### Action item
From the records below, please repeat exactly the line that has "開催概要日時: 3月19日(木) 21:00", the line that has "Bàn phím cơ", and every line between them, and nothing else.

Extracted data entries

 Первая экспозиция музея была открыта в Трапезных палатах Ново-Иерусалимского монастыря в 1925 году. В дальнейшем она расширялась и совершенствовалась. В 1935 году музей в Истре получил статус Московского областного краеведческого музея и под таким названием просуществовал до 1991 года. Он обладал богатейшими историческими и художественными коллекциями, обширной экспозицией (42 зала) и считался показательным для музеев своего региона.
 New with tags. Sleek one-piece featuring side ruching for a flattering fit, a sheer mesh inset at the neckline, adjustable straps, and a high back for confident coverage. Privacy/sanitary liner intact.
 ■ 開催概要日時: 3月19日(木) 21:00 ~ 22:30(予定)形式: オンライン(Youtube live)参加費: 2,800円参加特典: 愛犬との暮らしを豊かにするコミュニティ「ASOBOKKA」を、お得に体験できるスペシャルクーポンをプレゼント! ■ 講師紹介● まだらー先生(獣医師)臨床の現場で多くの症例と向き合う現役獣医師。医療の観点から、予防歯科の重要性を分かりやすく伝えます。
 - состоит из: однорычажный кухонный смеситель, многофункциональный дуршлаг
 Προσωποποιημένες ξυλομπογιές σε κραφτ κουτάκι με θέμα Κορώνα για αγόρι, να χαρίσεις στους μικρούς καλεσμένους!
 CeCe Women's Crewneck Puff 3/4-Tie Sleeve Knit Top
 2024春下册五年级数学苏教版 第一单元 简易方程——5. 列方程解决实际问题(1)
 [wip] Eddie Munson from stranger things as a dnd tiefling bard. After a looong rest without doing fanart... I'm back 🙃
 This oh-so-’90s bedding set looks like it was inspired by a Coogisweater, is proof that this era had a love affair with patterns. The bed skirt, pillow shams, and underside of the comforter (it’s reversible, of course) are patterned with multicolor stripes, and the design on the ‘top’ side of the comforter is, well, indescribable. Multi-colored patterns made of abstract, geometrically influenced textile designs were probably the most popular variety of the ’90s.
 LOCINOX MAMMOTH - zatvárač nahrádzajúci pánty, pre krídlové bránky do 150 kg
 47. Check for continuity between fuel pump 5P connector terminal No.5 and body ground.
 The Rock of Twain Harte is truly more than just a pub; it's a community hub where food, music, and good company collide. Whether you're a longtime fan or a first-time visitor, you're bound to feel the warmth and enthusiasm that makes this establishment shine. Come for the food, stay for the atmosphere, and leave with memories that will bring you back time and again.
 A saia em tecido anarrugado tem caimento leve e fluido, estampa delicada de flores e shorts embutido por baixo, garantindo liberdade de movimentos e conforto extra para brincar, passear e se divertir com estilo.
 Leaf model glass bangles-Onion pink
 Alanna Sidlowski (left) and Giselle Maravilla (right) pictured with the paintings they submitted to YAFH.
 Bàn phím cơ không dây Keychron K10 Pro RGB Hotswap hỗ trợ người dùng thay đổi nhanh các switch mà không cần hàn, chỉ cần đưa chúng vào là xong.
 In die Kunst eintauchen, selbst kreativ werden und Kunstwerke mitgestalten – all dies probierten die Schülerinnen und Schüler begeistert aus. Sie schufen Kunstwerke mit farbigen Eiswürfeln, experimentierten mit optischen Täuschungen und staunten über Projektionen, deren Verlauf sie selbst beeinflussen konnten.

### Worked solution
 ■ 開催概要日時: 3月19日(木) 21:00 ~ 22:30(予定)形式: オンライン(Youtube live)参加費: 2,800円参加特典: 愛犬との暮らしを豊かにするコミュニティ「ASOBOKKA」を、お得に体験できるスペシャルクーポンをプレゼント! ■ 講師紹介● まだらー先生(獣医師)臨床の現場で多くの症例と向き合う現役獣医師。医療の観点から、予防歯科の重要性を分かりやすく伝えます。
 - состоит из: однорычажный кухонный смеситель, многофункциональный дуршлаг
 Προσωποποιημένες ξυλομπογιές σε κραφτ κουτάκι με θέμα Κορώνα για αγόρι, να χαρίσεις στους μικρούς καλεσμένους!
 CeCe Women's Crewneck Puff 3/4-Tie Sleeve Knit Top
 2024春下册五年级数学苏教版 第一单元 简易方程——5. 列方程解决实际问题(1)
 [wip] Eddie Munson from stranger things as a dnd tiefling bard. After a looong rest without doing fanart... I'm back 🙃
 This oh-so-’90s bedding set looks like it was inspired by a Coogisweater, is proof that this era had a love affair with patterns. The bed skirt, pillow shams, and underside of the comforter (it’s reversible, of course) are patterned with multicolor stripes, and the design on the ‘top’ side of the comforter is, well, indescribable. Multi-colored patterns made of abstract, geometrically influenced textile designs were probably the most popular variety of the ’90s.
 LOCINOX MAMMOTH - zatvárač nahrádzajúci pánty, pre krídlové bránky do 150 kg
 47. Check for continuity between fuel pump 5P connector terminal No.5 and body ground.
 The Rock of Twain Harte is truly more than just a pub; it's a community hub where food, music, and good company collide. Whether you're a longtime fan or a first-time visitor, you're bound to feel the warmth and enthusiasm that makes this establishment shine. Come for the food, stay for the atmosphere, and leave with memories that will bring you back time and again.
 A saia em tecido anarrugado tem caimento leve e fluido, estampa delicada de flores e shorts embutido por baixo, garantindo liberdade de movimentos e conforto extra para brincar, passear e se divertir com estilo.
 Leaf model glass bangles-Onion pink
 Alanna Sidlowski (left) and Giselle Maravilla (right) pictured with the paintings they submitted to YAFH.
 Bàn phím cơ không dây Keychron K10 Pro RGB Hotswap hỗ trợ người dùng thay đổi nhanh các switch mà không cần hàn, chỉ cần đưa chúng vào là xong.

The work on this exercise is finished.